▶ _Goal of the exercise_: The material below includes pictures; leave them out and return only the lines between the line containing "back shining through" and the line containing "6.12.13 Buy Beaumaris", inclusive, word for word.

▶ _Extracted material_:
----
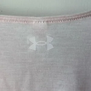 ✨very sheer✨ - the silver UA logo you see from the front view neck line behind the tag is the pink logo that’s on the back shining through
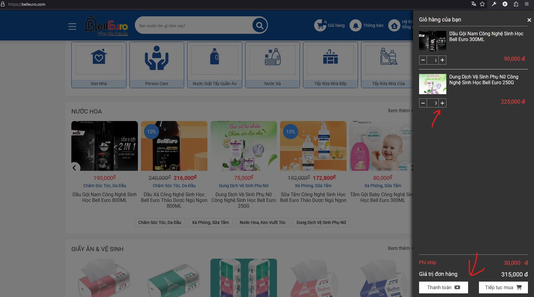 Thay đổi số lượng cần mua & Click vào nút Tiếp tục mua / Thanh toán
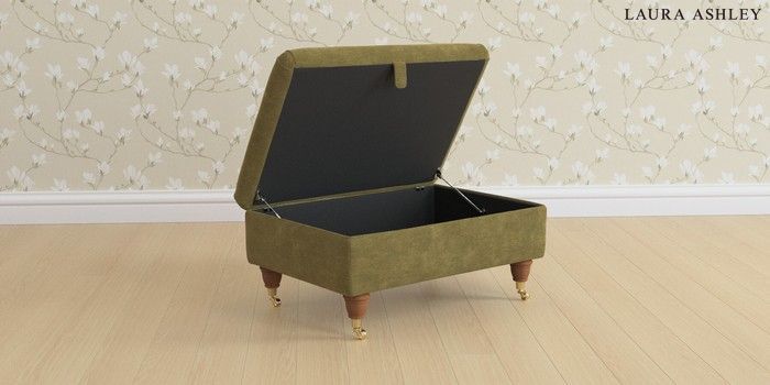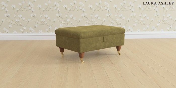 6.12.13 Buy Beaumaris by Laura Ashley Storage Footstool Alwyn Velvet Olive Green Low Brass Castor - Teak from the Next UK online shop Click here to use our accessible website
----
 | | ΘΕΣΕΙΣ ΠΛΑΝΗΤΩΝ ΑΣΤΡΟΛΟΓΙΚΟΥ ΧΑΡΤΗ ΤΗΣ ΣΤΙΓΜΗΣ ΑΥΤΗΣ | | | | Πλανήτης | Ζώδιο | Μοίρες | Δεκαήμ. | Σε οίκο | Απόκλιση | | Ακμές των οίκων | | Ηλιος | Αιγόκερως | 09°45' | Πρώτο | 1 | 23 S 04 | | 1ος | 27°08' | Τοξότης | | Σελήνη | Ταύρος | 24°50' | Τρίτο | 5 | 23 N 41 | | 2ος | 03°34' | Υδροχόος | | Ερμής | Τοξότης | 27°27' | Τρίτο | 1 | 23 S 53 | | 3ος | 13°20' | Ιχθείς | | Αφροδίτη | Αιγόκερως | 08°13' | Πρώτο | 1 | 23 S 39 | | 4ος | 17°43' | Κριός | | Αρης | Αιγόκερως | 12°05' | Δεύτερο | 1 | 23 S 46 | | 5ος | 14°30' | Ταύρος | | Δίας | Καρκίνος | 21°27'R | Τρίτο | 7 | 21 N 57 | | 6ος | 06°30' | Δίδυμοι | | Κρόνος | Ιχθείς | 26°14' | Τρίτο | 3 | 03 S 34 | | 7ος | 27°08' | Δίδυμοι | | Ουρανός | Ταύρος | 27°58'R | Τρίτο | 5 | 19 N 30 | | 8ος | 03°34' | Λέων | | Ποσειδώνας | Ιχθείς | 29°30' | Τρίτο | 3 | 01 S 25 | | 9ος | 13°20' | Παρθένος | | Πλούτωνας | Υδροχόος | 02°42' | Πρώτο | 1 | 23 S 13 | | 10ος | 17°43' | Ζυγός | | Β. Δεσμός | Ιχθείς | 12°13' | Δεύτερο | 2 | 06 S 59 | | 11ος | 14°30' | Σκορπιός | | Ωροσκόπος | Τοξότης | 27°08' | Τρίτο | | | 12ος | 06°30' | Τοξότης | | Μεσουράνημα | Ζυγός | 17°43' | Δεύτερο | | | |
----
▶ _Result for this task_:
 ✨very sheer✨ - the silver UA logo you see from the front view neck line behind the tag is the pink logo that’s on the back shining through
 Thay đổi số lượng cần mua & Click vào nút Tiếp tục mua / Thanh toán
 6.12.13 Buy Beaumaris by Laura Ashley Storage Footstool Alwyn Velvet Olive Green Low Brass Castor - Teak from the Next UK online shop Click here to use our accessible website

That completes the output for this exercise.